What "I Don't Know" Looks Like¶

Calibrated uncertainty in organizational knowledge systems¶

A Base2ML white paper. Fifth in a series following The Information Paradox, Why Conflict Detection Is Harder Than It Looks, The Half-Life of Documentation, and Citation Discipline.

The system that's right 90% of the time¶

Imagine two knowledge systems serving the same organization on the same questions.

System A is correct 90% of the time. It's confidently wrong the other 10%. The user never has a signal which case they're in.

System B is correct 70% of the time. The other 30%, it visibly hesitates: low confidence, gaps in coverage, a flag that says "your documents don't cover this clearly." The user always knows when to slow down.

Most product teams design for System A. The polished, fluent answer reads better in demos. The hesitation in System B reads as a weakness rather than as a feature. Users, asked which they prefer in a benchmark, often pick System A because it's more impressive in the cases they review.

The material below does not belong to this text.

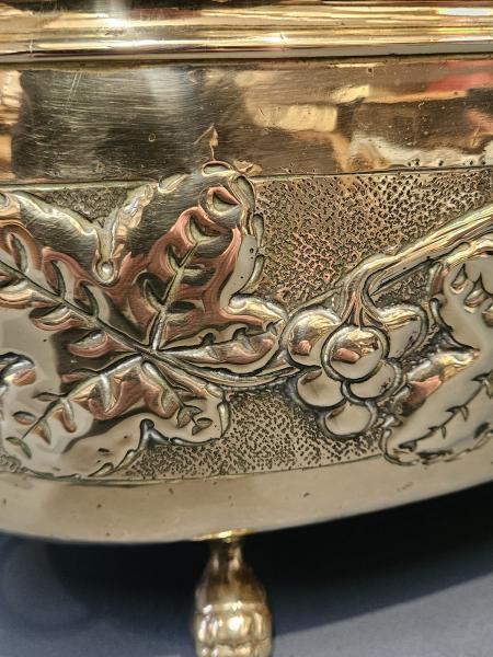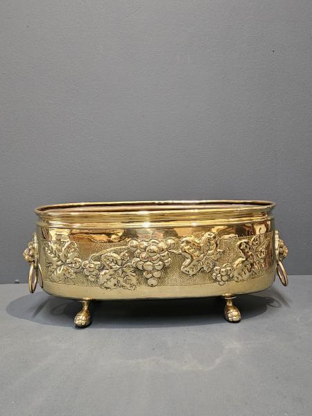 A superior quality Victorian solid embossed brass planter with cast fittings c.1880.  Elongated oval form with with rolled rim to the top and the sides embossed with a decorative grape and vine design border. Cast brass lion mask handles to the sides with ring drops and four complementing ball and claw feet to the base. Heavy quality and presented in immaculate condition with a deep shine. Holds 3 x 5" diameter plant pots and is water tight. Measures 17" long x 6.5" deep x 6.5" high. Stock number 43076.

In operational use, System B is meaningfully more valuable. The reason isn't the accuracy difference; it's the calibration difference. A user of System A has to verify every answer because they have no signal which 10% is wrong. A user of System B can trust the high-confidence answers and slow down on the low-confidence ones. The total verification work is lower with System B even though its raw accuracy is lower.

This is what calibrated uncertainty means. The system's awareness of its own uncertainty maps reliably onto the actual probability that its answer is correct. A system that says "high confidence" should be right almost always. A system that says "low confidence" should be right meaningfully less often. The relationship has to be predictable. Most systems get this wrong.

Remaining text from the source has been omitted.